Car accidents have killed more people in the United States than all the nation’s wars, according to the Minnesota Department of Health. Improvements in vehicle design, road design and seat belt use have reduced accident fatalities, but motor vehicle crashes remain the leading cause of death for people aged four to 34. Educating people on driving safety topics helps reduce the risk of dangerous car accidents.
Distracted driving means you are visually, manually or cognitively distracted from driving. Examples of distractions include reading maps, using a cell phone, daydreaming, eating and drinking, changing the radio station, using a GPS or performing personal grooming. Driver distraction contributed to almost 20 percent of accidents in 2008.

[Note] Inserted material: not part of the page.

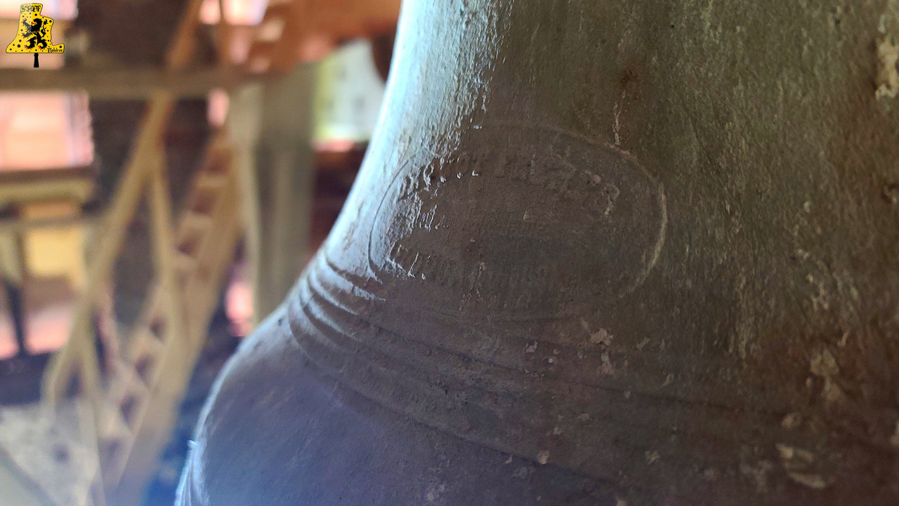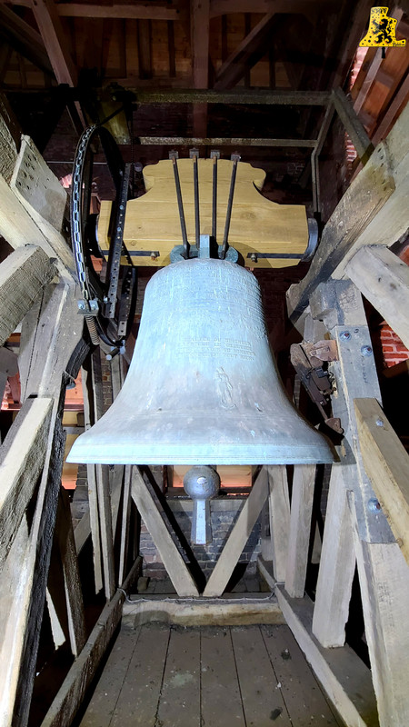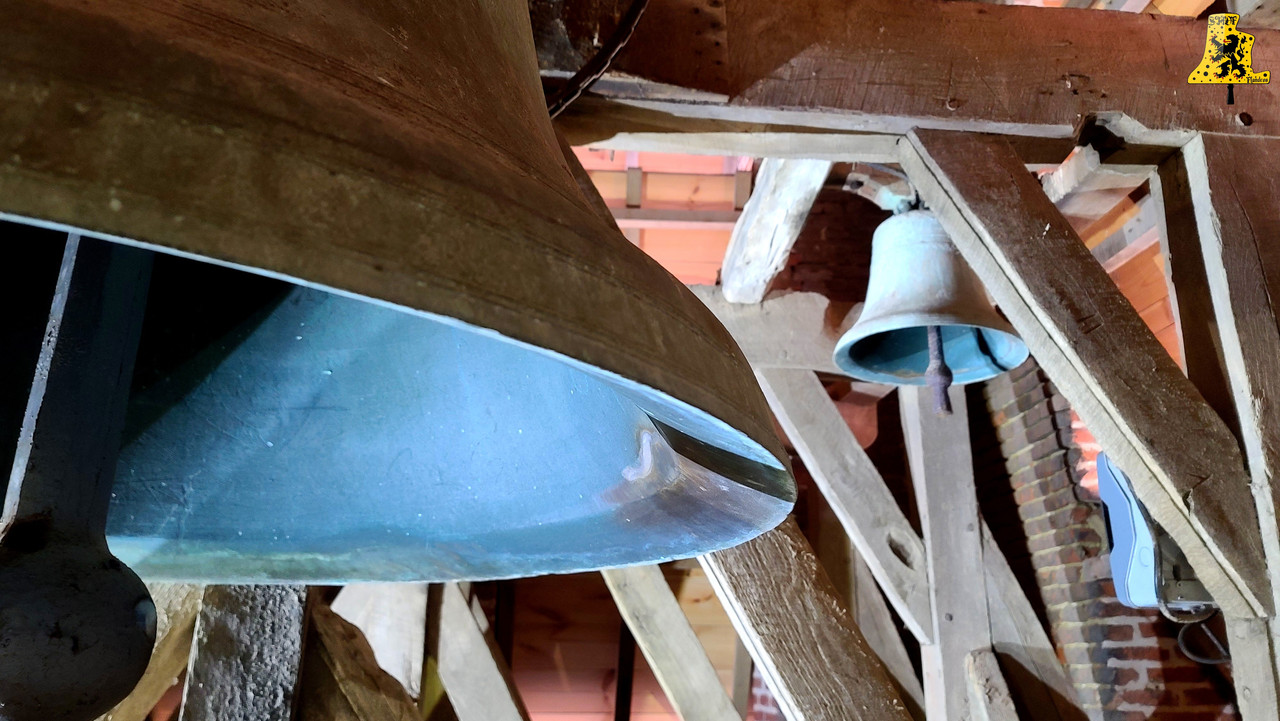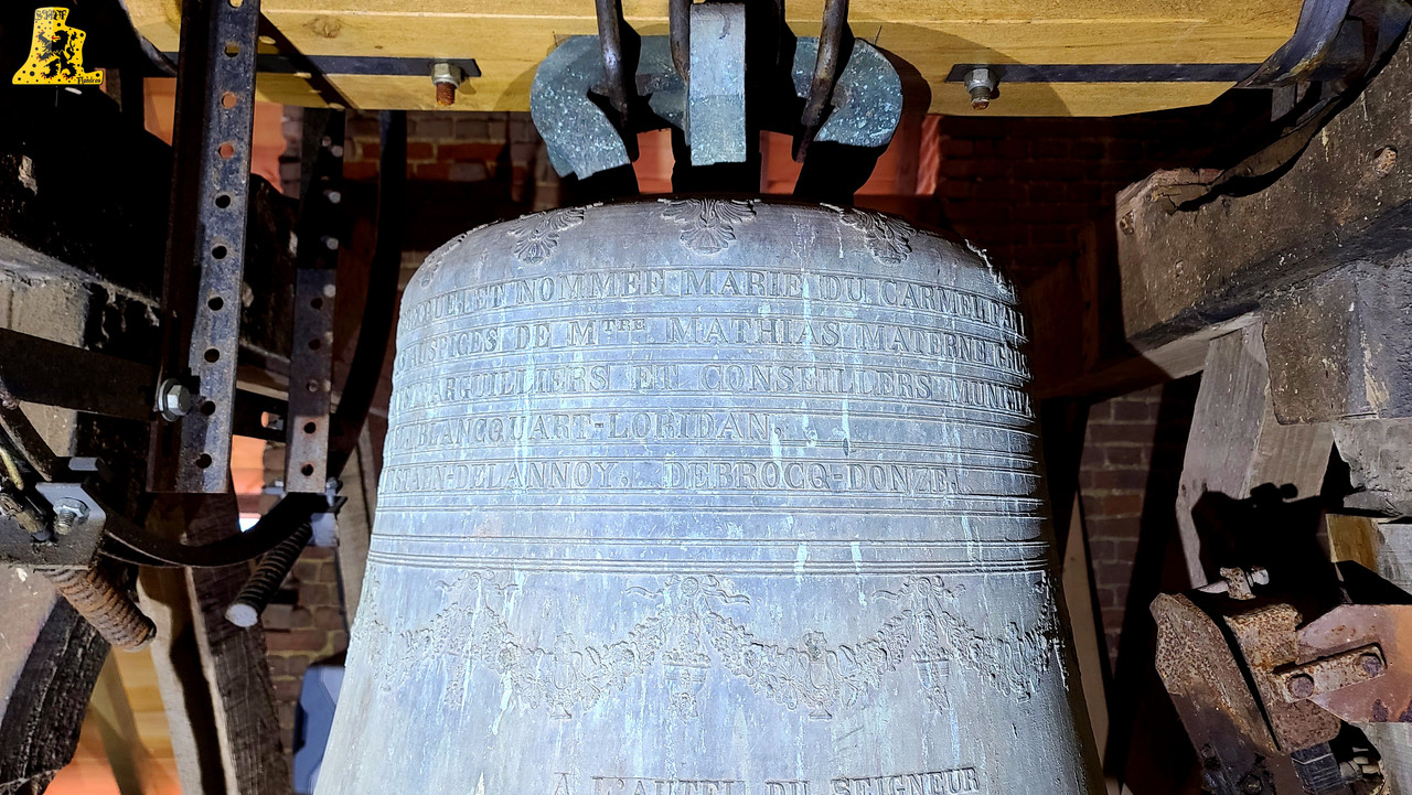 Je me rends pour cette nouvelle découverte campanaire, dans la très jolie petite commune de Pradelles, située entre Méteren et Hazebrouck. Pradelles a signée la charte « Oui Au Flamand », et a vu fleurir de nouveaux panneaux d’entrée de village au nom de Pradeels (Nom flamand de la commune), et quelques noms de rues traduites en Flamand. L‘église du village est assez atypique vis-à-vis de son histoire. La tour du clocher du 16e siècle est la partie la plus ancienne de l’église, cette tour était à la base, une tour de guet, comme ce fut le cas pour le village voisin de Borre. La nef a été ajoutée bien plus tardivement. La montée jusqu’au clocher se fait tout simplement, il nous faut emprunter une petite porte dérobée qui nous mène à un escalier en colimaçon fait de briques du nord, je trouve ça très joli! Deux paliers nous permettent de faire une pause, et d’observer une horloge mécanique hors-service, et une ancienne cheminée de l’appartement du guetteur! C‘est une petite partie d’histoire que j’adore découvrir. Les cloches se trouvent perchées à 20 mètres du sol. Elles sont au nombre de deux, posées sur un beffroi en bois daté de 1 789. Il est donc intéressant d’observer les traces d’anciennes cloches aujourd’hui disparues. Il y eut au plus fort 3 cloches simultanément, comme en témoignent les trous de passage de corde. Le clocher compte cependant, 3 cloches « Fantômes » (anciens emplacements de cloches visibles), deux d’entres elles sont sur la même trame, mais étaient espacées de seulement 15 cm environ, donc impossible que ses deux cloches étaient là à la même période. La troisième cloche fantôme se trouve sur la trame du milieu. Je n’ai cependant aucune information sur les anciennes cloches, si ce n’est sur la taille de la plus petite, qui semblait être du même acabit que la petite encore en place. De nos jours, il n’y a que deux cloches, et seule la plus grande, nous donne encore de la voix régulièrement, pour les heures, et les volées (Angélus, offices). La plus petite des cloches est aussi la plus mystérieuse, car outre la marque de son créateur, Drouot Frères, la cloche ne comporte aucune inscription, peut-être était-ce l’ancienne cloche de l’école du village? Je ne peux vous répondre avec certitude, mais je pense que cette piste est plausible. Cette cloche que l’on nomme « Cloches des vêpres », pèse une cinquantaine de kilos, son diamètre au plus large est quant à lui, de 45 cm. C‘est une très petite cloche par rapport à sa grande sœur. Lors de la sonnerie, j’ai pu la sonner délicatement, j’ai pris le temps d’effectuer un teste pour observer son comportement, car cette petite dame de bronze n’a pas sonnée depuis des décennies, les équipements ne sont pas au mieux, mais tout s’est très bien passée! La plus grosse des cloches nous vient, tout comme sa petite sœur, de la fonderie de Douai, Paul Drouot la fonda en 1 863. Elle fut bénite par « Mtre » Markant, doyen de Morbecque, sous le nom de « Marie Du Carmel ». Sur le bas de sa robe, nous pouvons y lire « A l’autel du seigneur, j’appelle le chrétien, c’est la voie du bonheur, la source de tout bien », avec juste en dessous, une vierge à l’enfant. En revanche, je n’ai trouvé ni parrain, ni marraine. Les mensurations de cette cloche sont les suivantes: 108 cm de diamètre, pour un poids affichant 720 kg. Il est intéressant à noter que la commune a investie fortement pour l’entretien de cette cloche, notamment avec l’installation d’un tout nouveau joug, de chaine et d’un battant, qui lui, est un peu plus vieux. Ces deux cloches forment un motif de sonnerie que je qualifie de « Flamand », car elle se compose de deux cloches, la plus grande est généralement dix fois plus lourde que la plus petite. Enfin pour clore ce reportage, ces deux cloches sonnent perpendiculairement entre elles, chose assez rare pour être signalée. Sur la vidéo, il s’agit d’une sonnerie montée, j’ai fait sonner les cloches une par une, pour ensuite réalisé un montage en superposant les vidéos. C‘est pour ne prendre aucun risque de faire tomber la petite cloche durant la volée de la grande, on est jamais trop prudent :).

Wearing a seat belt is the most effective way to protect yourself in a motor vehicle accident. Seat belts saved more than 13,000 lives in 2008. Children and pregnant women should also wear seat belts. Don’t count on air bags to save you–seat belts are designed to work with air bags.
Impaired drivers are under the influence of alcohol or drugs. Alcohol was involved in nearly a third of traffic-related deaths in 2008, while other drugs were present in about 18 percent of deaths. Young people, motorcyclists and people who have previously received convictions for driving while impaired are most likely to drive while intoxicated or on drugs.
Speeding contributes to nearly a third of all fatal crashes. Most speed-related crashes involve a single vehicle, and 60 percent occur at night. Driving too fast also uses more fuel.
Child Safety Seats
Children should use child safety seats placed in the backseat until they are tall enough to properly use seat belts, which usually occurs around age eight. Children under 13 should always ride in the backseat, since deployed air bags can endanger young children.
Car accidents cause more than one of three teen deaths. Males, teens who have recently gotten their licenses and teens driving with teenage passengers are at highest risk for motor vehicle crashes. Teenage drivers are less likely to recognize hazardous situations, less likely to wear seatbelts and more likely to speed than other groups of drivers.